Power is the capacity to redirect others' Tau-flow: to determine where their time, energy, and attention are directed. Hard power (coercion) redirects through threat. Soft power (persuasion) redirects through Tau-narrative appeal. Structural power redirects through Tau-network topology.
Legitimacy is the collective acceptance of Tau-dominance as structurally necessary. Weber's three types (traditional, charismatic, rational-legal) are three modes of Tau-dominance acceptance. Legitimacy crisis is the withdrawal of this acceptance — the Tau-network no longer recognises the asymmetry as valid.
The state claims monopoly on legitimate Tau-flow redirection (Weber's monopoly on violence) within a territorial Tau-field. Taxation is mandatory Tau-flow contribution. Law is the codified Tau-flow redirection protocol. State failure is Tau-dominance monopoly collapse — competing nodes contest Tau-flow control.
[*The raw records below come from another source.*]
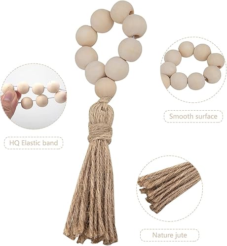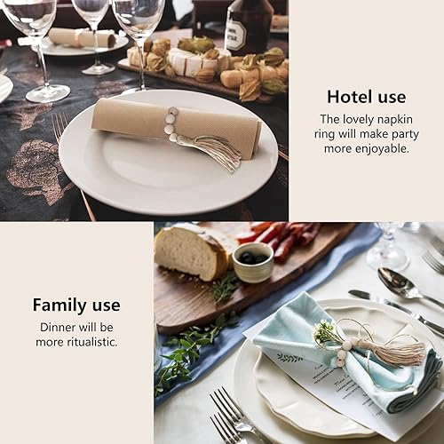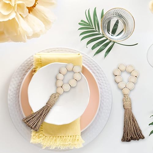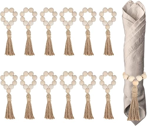 Lidzopas Lot de 12 ronds de serviette en perles de bois de style bohème faits à la main avec pompons pour Noël, ferme, mariage, décoration de table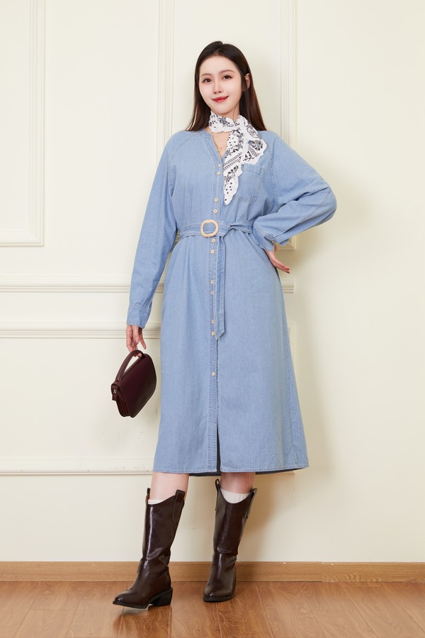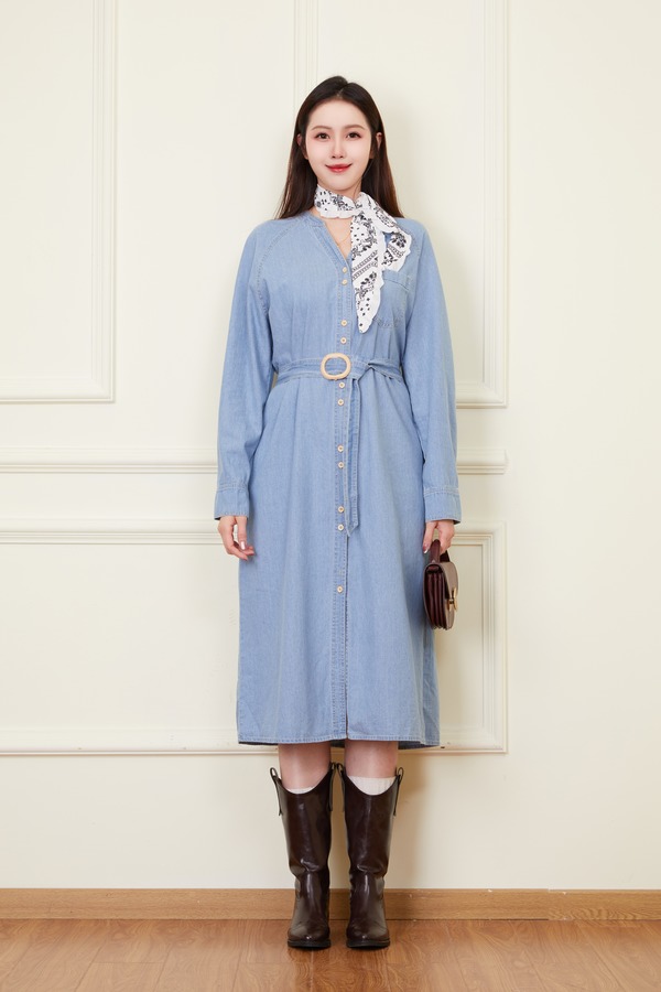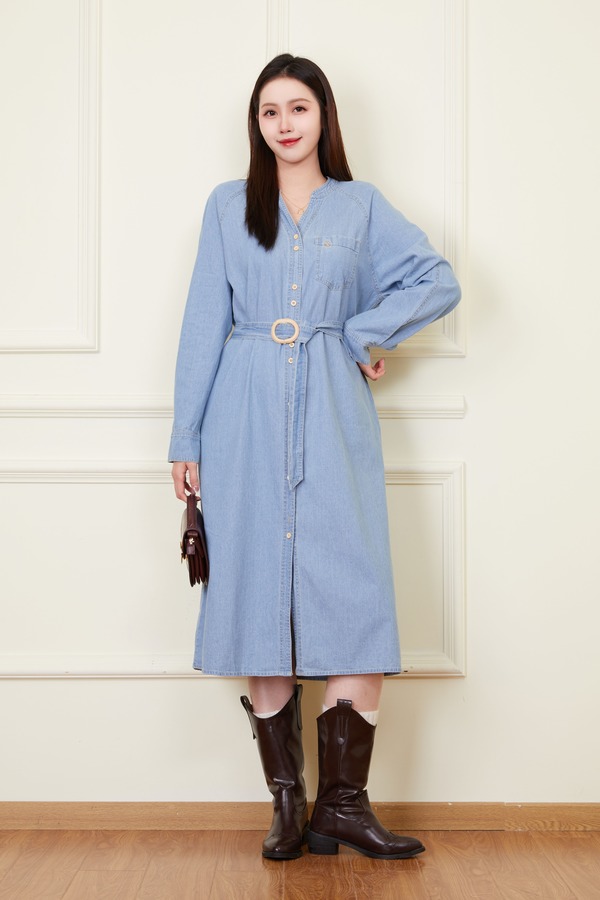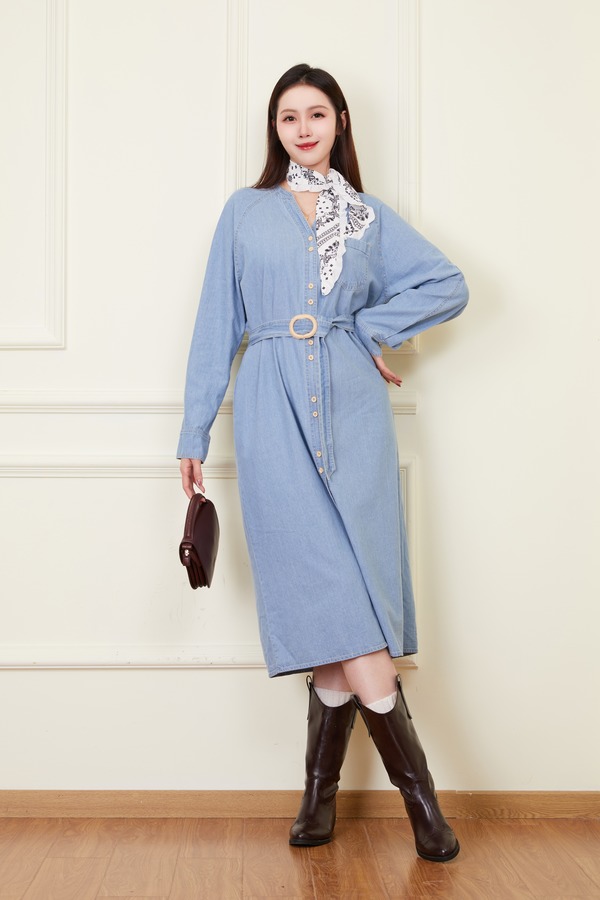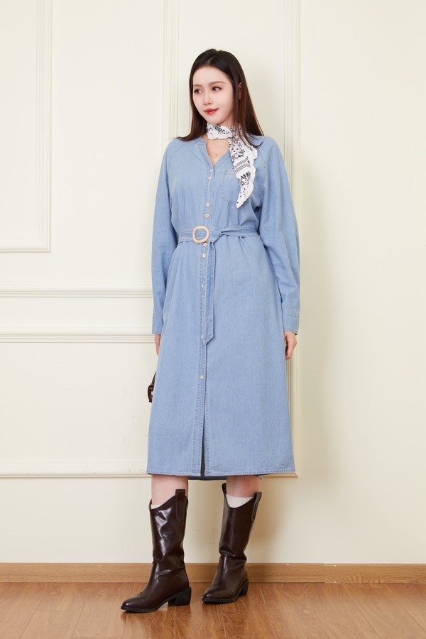 LNNNS 气质通勤复古V领牛仔连衣裙 22238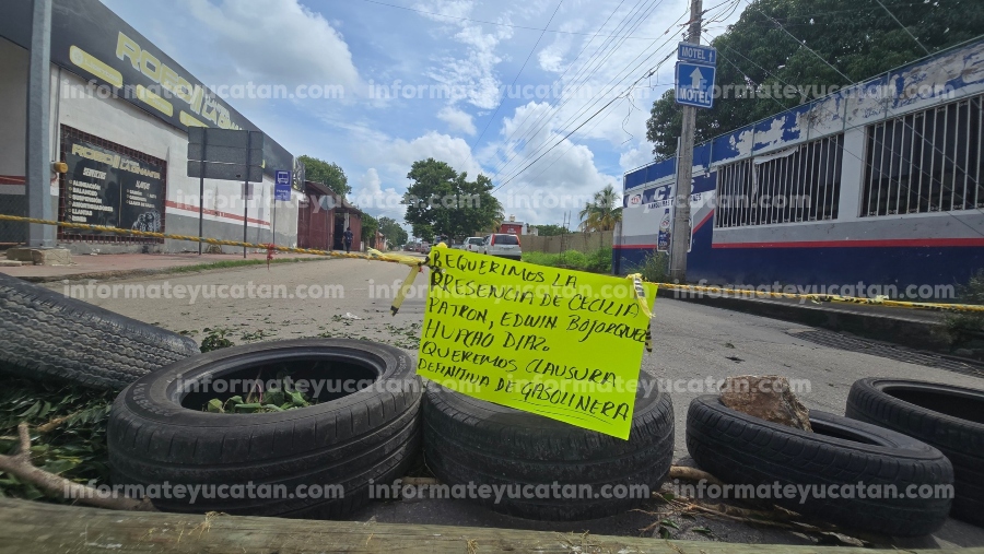 Desde temprana hora bloquearon la calle 35 que conecta el Periférico de Mérida con varias colonias y fraccionamientos de Kanasín, municipio donde se construyó la gasolinera de FullGas.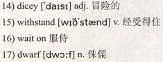Come to think of it though, I should have been prepared for the 14)dicey stuff; we all should have been prepared. The pretty and good young woman only marries the prince after she has proven her ability to 15)withstand pain, humiliation, and other sorts of character building exercise. I should have realized that to achieve the fairytale ending, the princesses had to overcome extreme obstacles, fire breathing dragons, the poison apples, scrubbing the floors on hands and knees, 16)waiting on others as if you were the house maid; the seven 17)dwarves each had their own “unique” personality. It was all there. Why didn’t I see it? Maybe I blocked it out, who knows.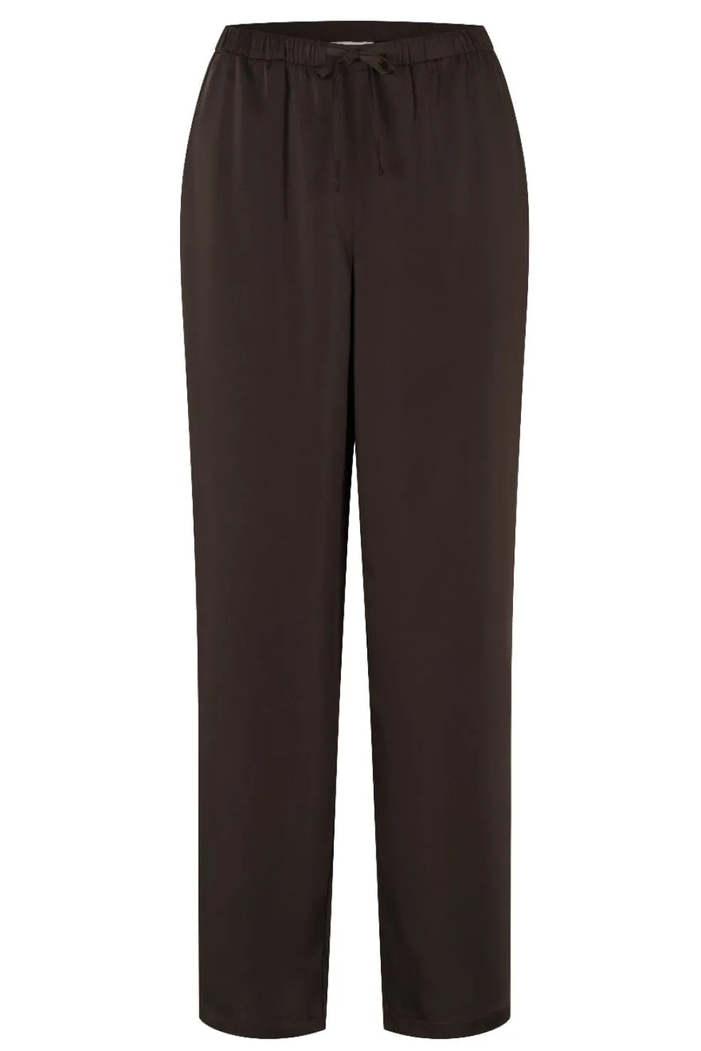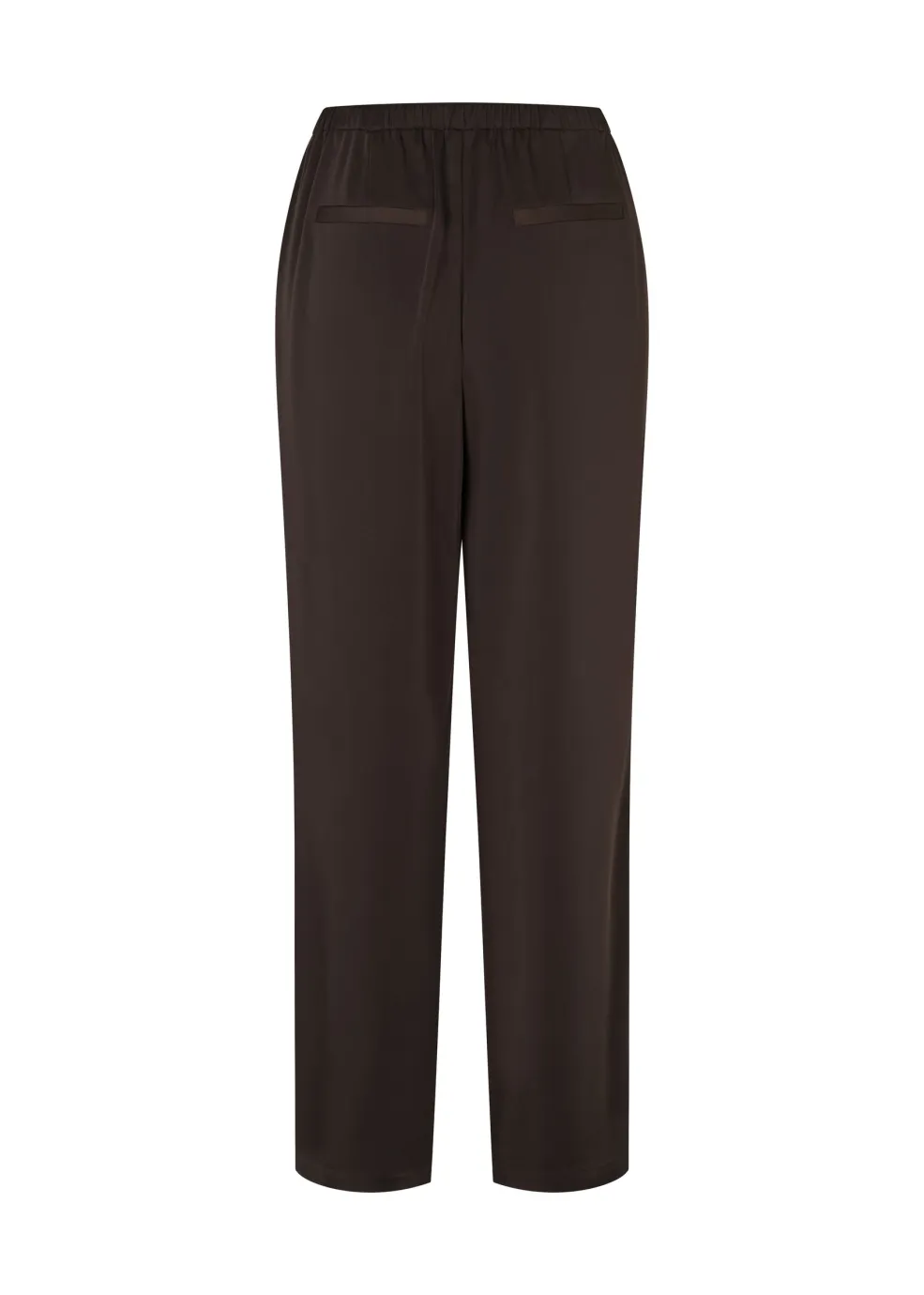 Brune bukser fra Modström, lavet af 96 % polyester og 4 % elastan. Materialet giver en god balance mellem stræk og formfasthed.

Democracy is Tau-flow accountability distributed across the network: the governed retain periodic veto power over Tau-dominance through electoral Tau-flow signals. Democratic erosion is the progressive removal of Tau-accountability mechanisms — the governed lose their veto over Tau-dominance.
Propaganda is the attempt to capture the collective Tau-narrative to naturalise and maintain Tau-dominance asymmetries. By controlling what Tau-patterns are available in the collective Tau-map, Tau-dominance becomes invisible — experienced as natural order rather than contingent asymmetry.
Revolution is rapid reorganisation of Tau-network topology to redistribute Tau-flow redirection capacity. It requires Tau-dominance delegitimation, Tau-field mobilisation (collective Tau-flow synchronises behind the new topology), and Tau-narrative replacement (new legitimating collective story).